On-line version ISSN 1816-7950
Print version ISSN 0378-4738

Abstract

NEVONDO, V; MALEHASE, T; DASO, AP  and  OKONKWO, OJ. Leachate seepage from landfill: a source of groundwater mercury contamination in South Africa. Water SA [online]. 2019, vol.45, n.2, pp.225-231. ISSN 1816-7950.  http://dx.doi.org/10.4314/wsa.v45i2.09.

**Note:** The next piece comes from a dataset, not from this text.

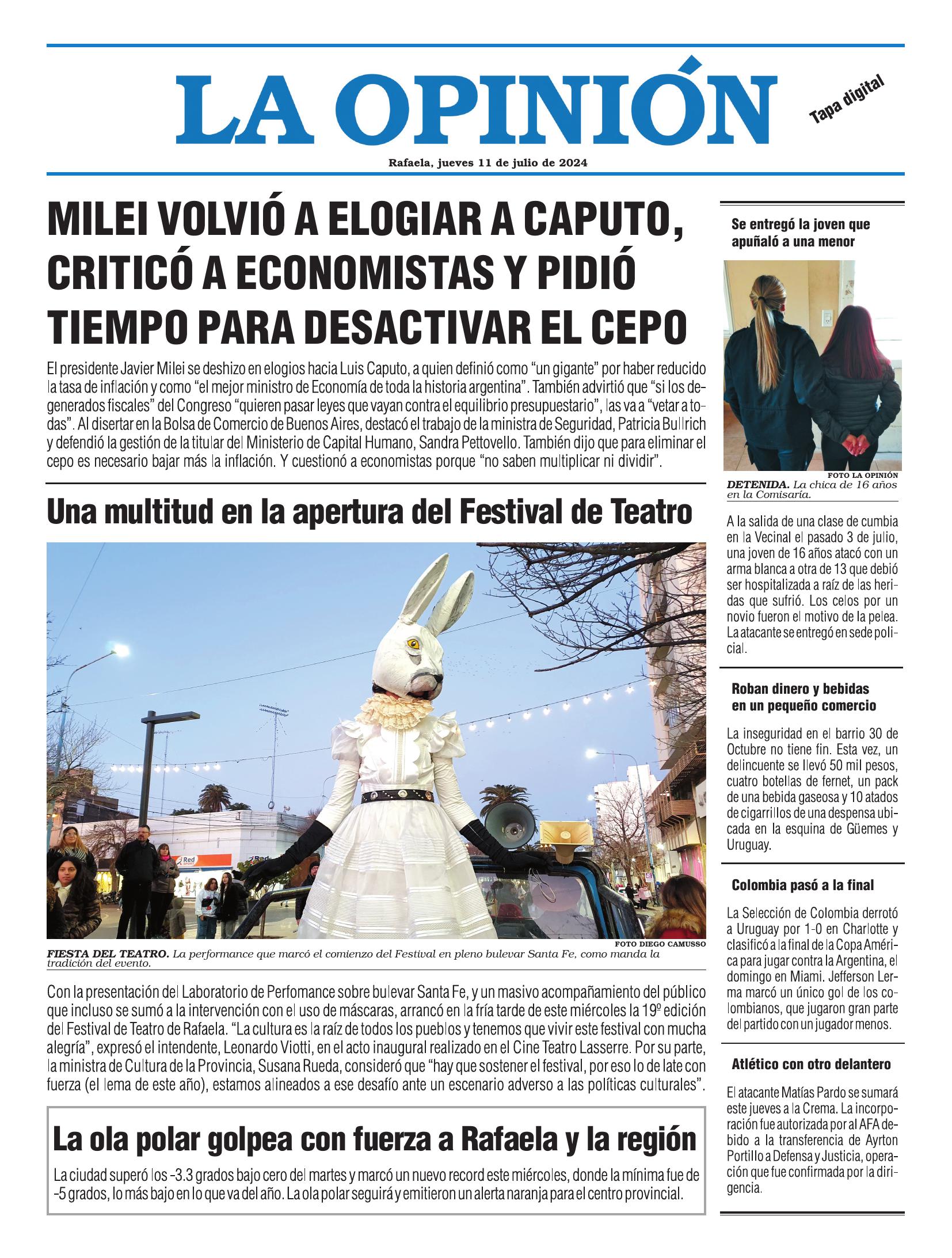 Edición del Jueves 11 de Julio de 2024 - N° Tapa

Mercury has been used for many centuries in the production of consumer products such as thermometers, electrical switches, fluorescent light bulbs, batteries, biocides and pesticides, cosmetics and dental amalgam filling, among others. After use, these mercury-containing consumer products form part of the municipal solid waste (MSW). As a result of an unseparated solid waste collection system, mercury-containing wastes tend to end up in landfills where mercury and other pollutants can leach out of products into landfill leachates. The present study, therefore, was conducted with the aim of determining the total mercury (THg) concentrations in leachate and sediment samples collected from 4 selected landfill sites (3 sites in Gauteng Province - Soshanguve, Hatherly, Onderstepoort and 1 site in Limpopo Province - Thohoyandou). Groundwater samples were collected from the monitoring boreholes at the four selected landfill sites in the summer and winter periods. An acid digestion method was employed for sample preparation and this was followed by analysis using cold vapour atomic absorption spectrophotometry (CVAAS). The concentration range of total mercury in the Thohoyandou leachate, sediment and groundwater samples was 0.12-2.07 µg/L, 0.03-0.48 µg/g and 0.09-2.12 µg/L, respectively. In Soshanguve, the concentration range of total mercury in leachate, sediment and groundwater samples was 0.10-1.20 µg/L, 0.04-0.62 µg/g and nd -1.66 µg/L respectively, Hatherly concentration range was 0.42-1.31 µg/L and 0.06-0.78 µg/g in leachate and sediment, respectively and in Onderstepoort the concentration range was 0.12-2.41 µg/L, 0.03-0.50 µg/g and 0.05-2.44 µg/L, in leachate, sediment and groundwater, respectively. The findings from this study suggest that there is a likelihood of groundwater pollution by mercury from landfill leachate seepage, particularly for landfills that are not lined with a geomembrane.

Keywords : mercury; municipal solid waste; leachate; sediment; groundwater.